══ DATA LISTING

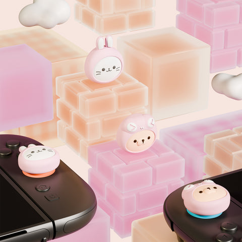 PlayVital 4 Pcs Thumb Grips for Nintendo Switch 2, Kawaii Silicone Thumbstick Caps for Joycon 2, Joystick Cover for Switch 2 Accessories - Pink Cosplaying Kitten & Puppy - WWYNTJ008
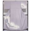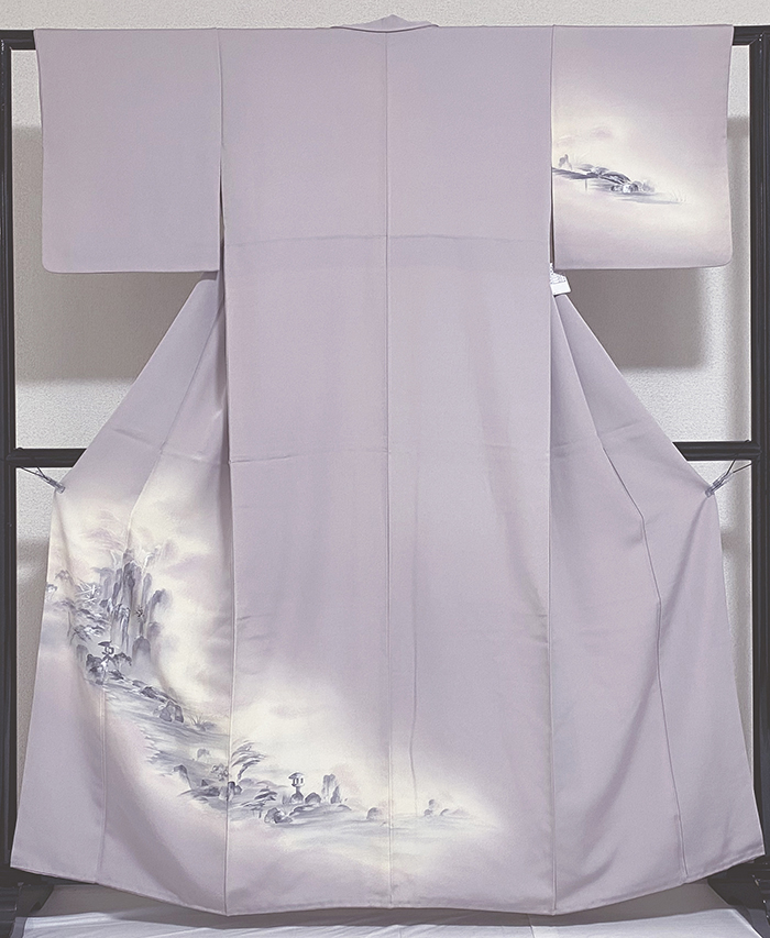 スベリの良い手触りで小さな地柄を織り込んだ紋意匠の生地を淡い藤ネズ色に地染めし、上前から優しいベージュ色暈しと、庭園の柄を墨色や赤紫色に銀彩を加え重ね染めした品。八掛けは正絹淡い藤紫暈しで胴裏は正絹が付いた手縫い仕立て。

════
══ DATA LISTING

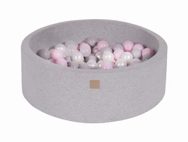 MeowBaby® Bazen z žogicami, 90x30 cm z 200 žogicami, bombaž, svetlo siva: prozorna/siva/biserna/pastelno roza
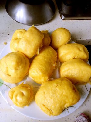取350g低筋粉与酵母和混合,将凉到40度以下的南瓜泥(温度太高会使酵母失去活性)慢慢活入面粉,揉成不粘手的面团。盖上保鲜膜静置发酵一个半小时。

════

Extract, without any images, the part of the material above that opens with the line containing "MeowBaby® Bazen z" and closes with the line containing "取350g低筋粉与酵母和混合", both lines included.

▸ EXERCISE ANSWER:
 MeowBaby® Bazen z žogicami, 90x30 cm z 200 žogicami, bombaž, svetlo siva: prozorna/siva/biserna/pastelno roza
取350g低筋粉与酵母和混合,将凉到40度以下的南瓜泥(温度太高会使酵母失去活性)慢慢活入面粉,揉成不粘手的面团。盖上保鲜膜静置发酵一个半小时。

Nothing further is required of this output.